- What this task involves
Reprint all of the data below exactly as shown and skip every image.

- Data provided
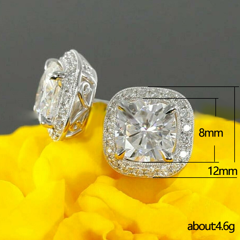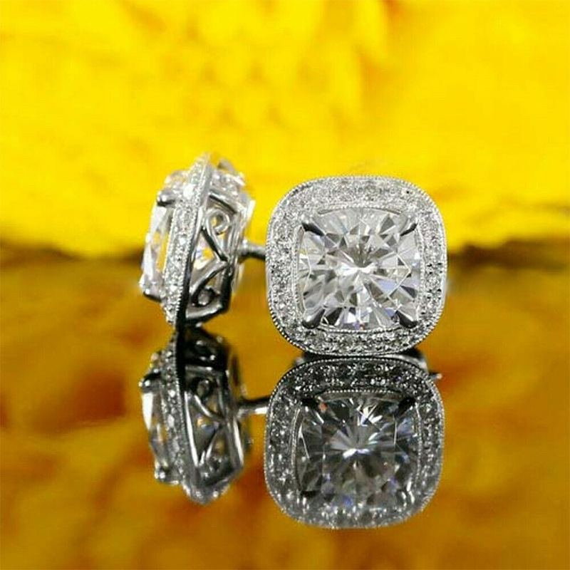 Live hot selling new classic four-claw princess square bag zircon earrings fashionable commuter earrings for women
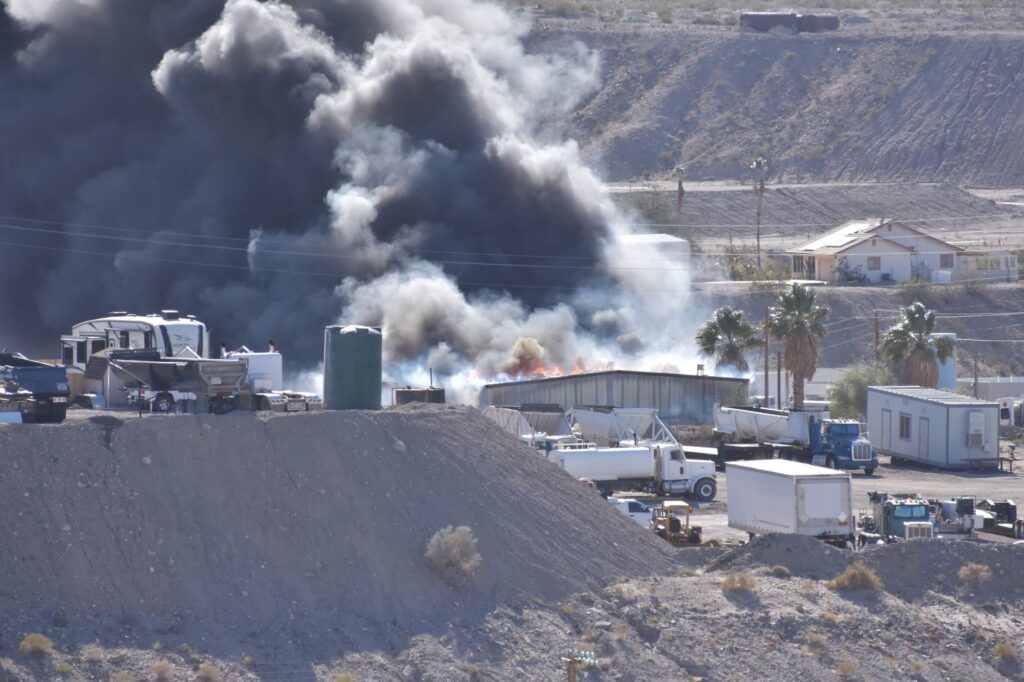 BULLHEAD CITY, Ariz. – December 24, 2023 – The Bullhead Fire Department was dispatched to the report of a brush fire at approximately 12:40 p.m. this afternoon, which was quickly upgraded to a working commercial fire at Daniels Septic on Outpost Dr. with heavy black smoke showing. Arriving crews quickly confirmed that the building was clear and began an aggressive fire attack.
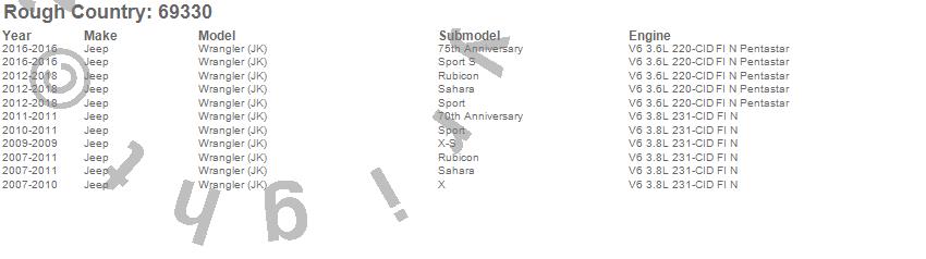 Below is an abbreviated list of applications for the Suspension Lift Kit w/Shocks.Wrangler (JK), Jeep, 2018, 2017, 2016, 2015, 2014, 2013, 2012, 2011, 2010, 2009, 2008, 2007

- Answer section
 Live hot selling new classic four-claw princess square bag zircon earrings fashionable commuter earrings for women
 BULLHEAD CITY, Ariz. – December 24, 2023 – The Bullhead Fire Department was dispatched to the report of a brush fire at approximately 12:40 p.m. this afternoon, which was quickly upgraded to a working commercial fire at Daniels Septic on Outpost Dr. with heavy black smoke showing. Arriving crews quickly confirmed that the building was clear and began an aggressive fire attack.
 Below is an abbreviated list of applications for the Suspension Lift Kit w/Shocks.Wrangler (JK), Jeep, 2018, 2017, 2016, 2015, 2014, 2013, 2012, 2011, 2010, 2009, 2008, 2007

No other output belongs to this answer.